*GOAL OF THE EXERCISE:*
Copy nothing but the lines from the opening of the entries through the line that contains "圖為山南市一名外賣騎手在收聽收看黨的二十大開幕盛況", exactly as written. Drop the pictures.

*TASK INPUTS:*
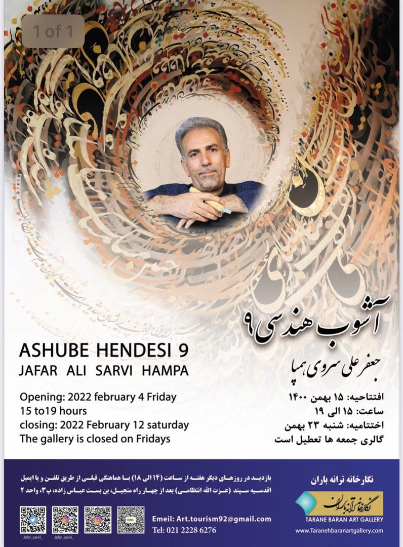 به گزارش روابط عمومی این نمایشگاه؛«آشوب ۹» عنوان نهمین نمایشگاه انفرادی جعفر علی سروی است و در این نمایشگاه مجموعه جدیدترین نقاشی خط های «جعفرعلی سروی همپا» که با تکنیک اکرولیک و ترکیب مواد بر روی بوم خلق شده اند، در معرض دید مخاطبان قرار می گیرد.
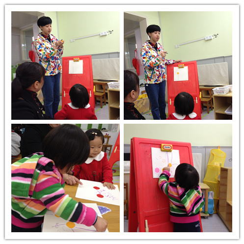 回到教室后,老师在展板上教孩子们画了纸贴画。圆圆的小贴片,添上简单的一笔。瞧,老师完成了气球!
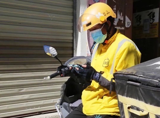 圖為山南市一名外賣騎手在收聽收看黨的二十大開幕盛況
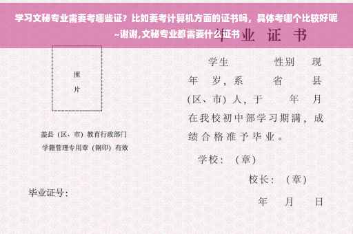 需要中文证书以及四六级的英语等级证书,我们说文秘专业,一定要有过硬的书写能力和英语表达能力,这样才能够胜任文秘的工作,因为现在的企业都会有涉外的业务,而且还要写一些相关的文书,所以才需要掌握相关的技能
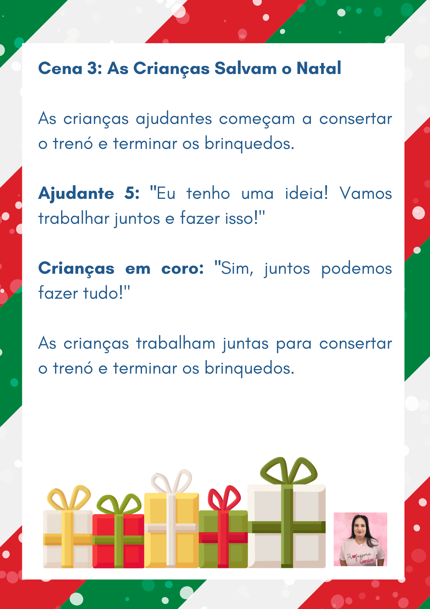 A história se inicia na efervescente Fábrica de Brinquedos do Papai Noel, onde os pequenos duendes trabalham incansavelmente para garantir que cada presente seja preparado a tempo para a grande noite de Natal. O roteiro destaca não apenas a alegria do Natal, mas também valores como cooperação, amizade e solidariedade, reforçando de maneira lúdica e envolvente importantes ensinamentos para os pequenos artistas.
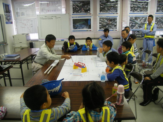 の工程で行いました。 現場見学は、所長さんの丁寧なシールド工事の説明 でわかりやすく、普通の子では体験できない貴重な 時間をすごせたと思います。 お父さんたちの働く現場を見学できて、

*EXERCISE ANSWER:*
 به گزارش روابط عمومی این نمایشگاه؛«آشوب ۹» عنوان نهمین نمایشگاه انفرادی جعفر علی سروی است و در این نمایشگاه مجموعه جدیدترین نقاشی خط های «جعفرعلی سروی همپا» که با تکنیک اکرولیک و ترکیب مواد بر روی بوم خلق شده اند، در معرض دید مخاطبان قرار می گیرد.
 回到教室后,老师在展板上教孩子们画了纸贴画。圆圆的小贴片,添上简单的一笔。瞧,老师完成了气球!
 圖為山南市一名外賣騎手在收聽收看黨的二十大開幕盛況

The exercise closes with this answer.